Latin American and Caribbean governments call for external debt to be swapped for environmental protections
Environment ministers from 34 Latin American and Caribbean nations have issued a single call for their external debts to be translated into extra environmental protections.
Meeting in Rio de Janeiro between 22-24 October, ministers responsible for the environment from 34 UN member nations in South and Central America and the Caribbean agreed a proposal which will be taken to next year’s Rio+10 Conference on Sustainable Development in Johannesburg to allow developing nations to covert their foreign debt into environmental protections. “We can’t imagine paying for the costs of sustainability when such big environmental losses were accumulated over centuries by countries that are already developed,” said President Fernando Henrique Cardoso of Brazil, the country with the greatest biodiversity in the world.
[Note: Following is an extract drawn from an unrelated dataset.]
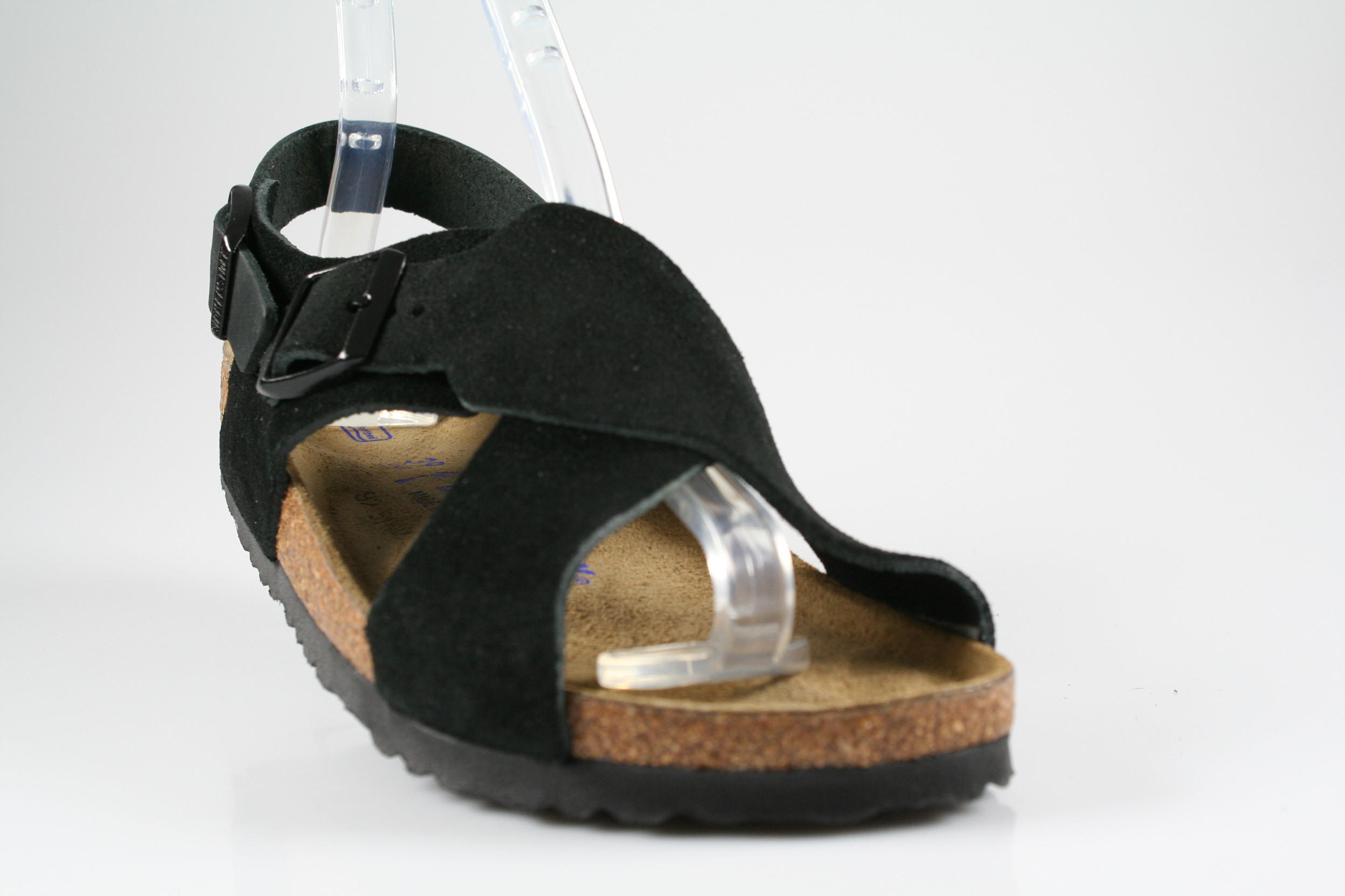 Typ: Sandale/Pantolette; Farbe "black"; Ausstattung:; - Obermaterial: Velourleder, Nubukleder; - Lederdecksohle; - leichtee Laufsohle; - gepolsterter Schaftrand; - Riemchen zur Weitenregulierung

The environmental protections agreed for inclusion in the proposal are revitalising hydraulic systems, the conservation and sustainable use of biodiversity, afforestation and sustainable use of forests, the promotion of ecotourism and the prevention and mitigation of environmental risks and disasters. The proposal met with praise from environmental groups from across the region while Brazil’s environment minister José Sarney Filho said “what has been decided will not merely remain verbal, but will see concrete action”.
Ministers also issued a joint call for developed nations to fulfil promises made at 1992’s global summit in Rio de Janeiro, such as investing 0.7% of their gross domestic product in sustainable development in developing nations. Until now, they agreed, the funds received have been “insufficient”. The ministers also expressed a joint fear that environmental concerns will be ignored globally in light of the war on terrorism.
In a separate development, the Brazilian environmental protection agency, Ibama, has banned all felling of mahogany indefinitely, following reports on the extent of mahogany felling in the country’s vast Amazon region by Greenpeace, which says that the most desired product of the highest quality is only to be found in intact forest.